A Printable Wheelchair
An organization called MakeGood NOLA is making it easier for parents to get the wheelchairs their kids need.

Courtesy of Noam Platt/MakeGood Design
Sebastian received a printed wheelchair called a Toddler Mobility Trainer when he was 18 months old. The wheelchair makes it easier for him to move around his house.
A wheelchair can cost thousands of dollars. For families of kids with disabilities, whose wheelchairs need to be replaced as they grow, the expenses add up fast. So an organization called MakeGood NOLA found a way to produce wheelchairs for a lot less money—by printing them out.
A 3D printer can produce just about any three-dimensional object if the user provides a design and some material, like plastic or metal. Anyone in the world with a 3D printer will be able to go to MakeGood NOLA’s website and download the free design for its printable wheelchair, called the Toddler Mobility Trainer (TMT). If they put the correct materials in the printer, they can print the TMT, part by part, and then put it together, with no tools required.

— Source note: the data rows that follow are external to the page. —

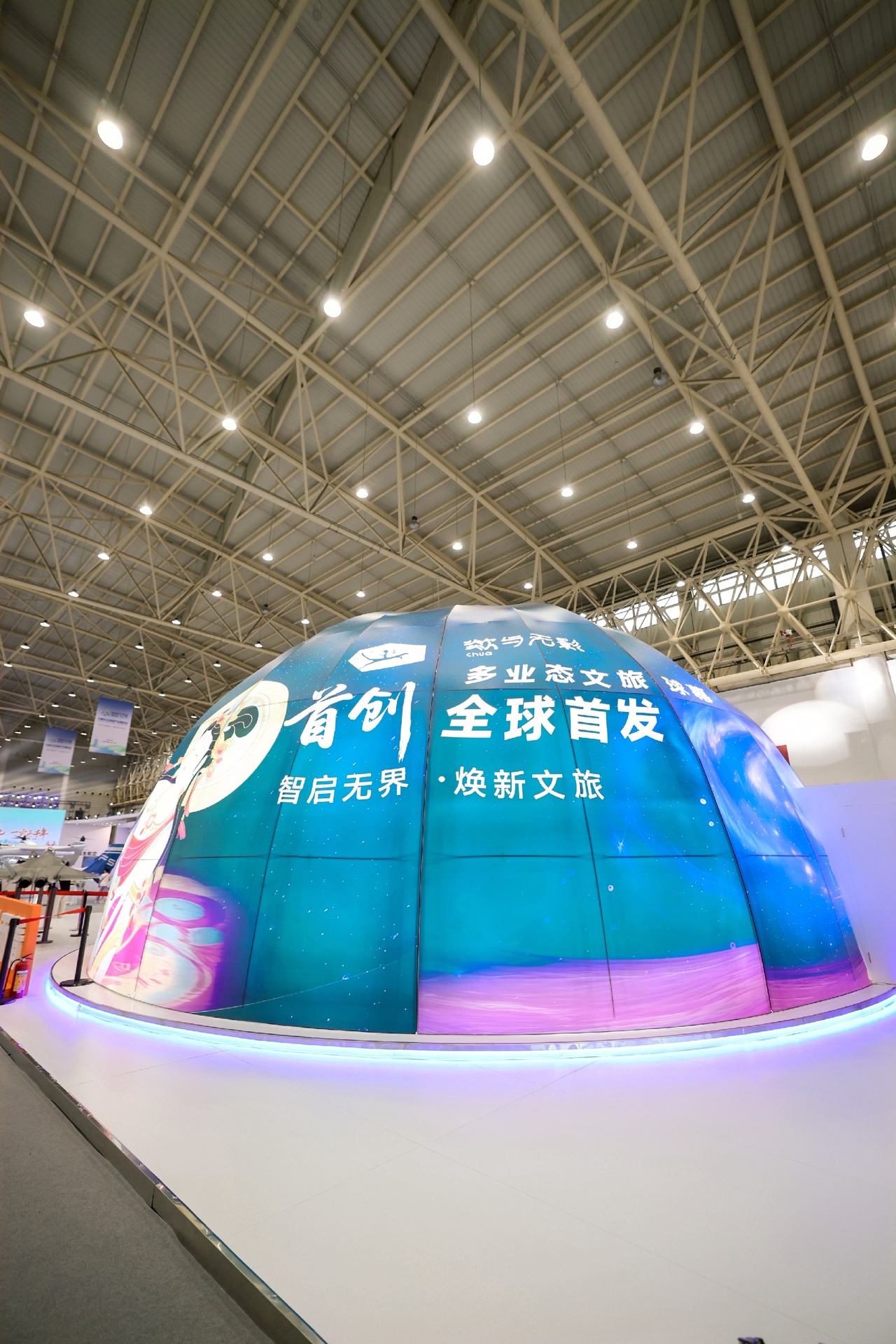 展区内,“多业态文旅沉浸式球幕空间”将沉浸体验推向新高度,其融合8K超高清分辨率与360°全景观影技术的裸眼全沉浸式8K球幕,在文旅博览会上全球首发,可容纳多种业态;研学、科技馆、博物馆、新品发布会等场景,都能在馆内瞬间切换。“走进这里,不用赶路,一秒就能从三亚穿越到广州,从海底直达太空。”一位游客感叹道。站在球幕之中,观众可瞬间穿越不同时空,看到天宫空间站在眼前飞过。球幕空间还吸引众多文旅展商前来观摩、洽谈业务。
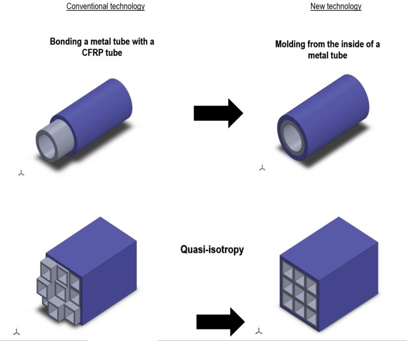 ・Beneficial effects can be obtained by molding CFRP from the inside of an off-the-shelf metal tube.
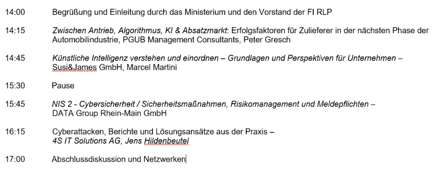 Gemeinsam mit dem Wirtschaftsministerium Rheinland-Pfalz organisiert die Fahrzeug-Initiative Rheinland-Pfalz e.V. eine Veranstaltung zum Thema Digitalisierung und Einsatz von KI im Unternehmen. Wir haben Experten zu Gast, die über Digitalisierungs- und KI Projekte in mittelständischen Betrieben berichten. Zudem werden wir über den rechtlichen Rahmen und die Risiken des Einsatzes von KI informieren und bekommen praxisbewährte Lösungsansätze.
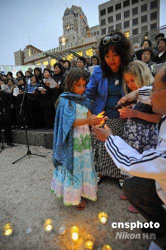 當(dāng)?shù)貢r(shí)間六月十四日晚,舊金山華人社團(tuán)在聯(lián)合廣場為汶川大地震遇難者舉行“五七”祭燭光追思會(huì)。不同族裔的人們也加入悼念的行列。兩位美國女童手捧蠟燭,寄托哀思。中新社發(fā) 陳鋼 攝
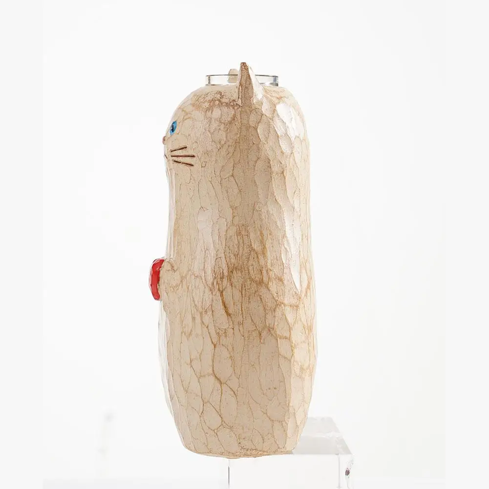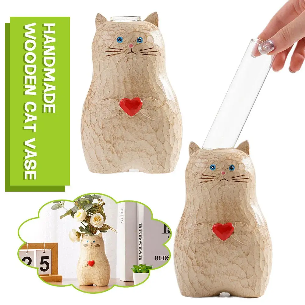 Handmade Wooden Cat Vase Solid Wood Handmade Vase Modern Plant Home Tall Shelf Decor Decoration Accents Vase Floor Solid Fl P2B2

“We designed this to be modular and easy to make. Really, anyone with a 3D printer and some [material] can download the files and print it,” said Noam Platt, an architect who founded MakeGood in 2021.
Many architects design buildings, but some design devices that can be used in health care. At MakeGood, Platt is part of a team of experts who design not only wheelchairs but also many other useful tools. They include a pen ball, a ball that fits over a pen and can make it easier to grip, and a phone cuff, which goes over the hand and makes a phone easier to hold. All of the designs are free to download and can be printed with a 3D printer. MakeGood also helps individuals by designing and printing items to fit their needs.

Courtesy of Noam Platt/MakeGood Design
MakeGood NOLA designed the pen ball, which can be printed on a 3D printer. This device makes it easier to grip a pen.
Like MakeGood’s other designs, the TMT wheelchair is customizable. It can be printed in any color, and that’s just the beginning. Platt plans to adjust the TMT design to fit the needs of different users.
“[We plan to] start filling those requests with custom-printed chairs, including things that you might need for your particular chair,” Platt said in a video posted to MakeGood’s Instagram account.
The wheelchair is already helping kids with disabilities.
“It’s an A+,” one parent told CBS News, about an earlier version of the TMT. “It’s helped [my son] become more mobile and be able to adapt into the other things that he’s going to be offered. It’s helped his development.”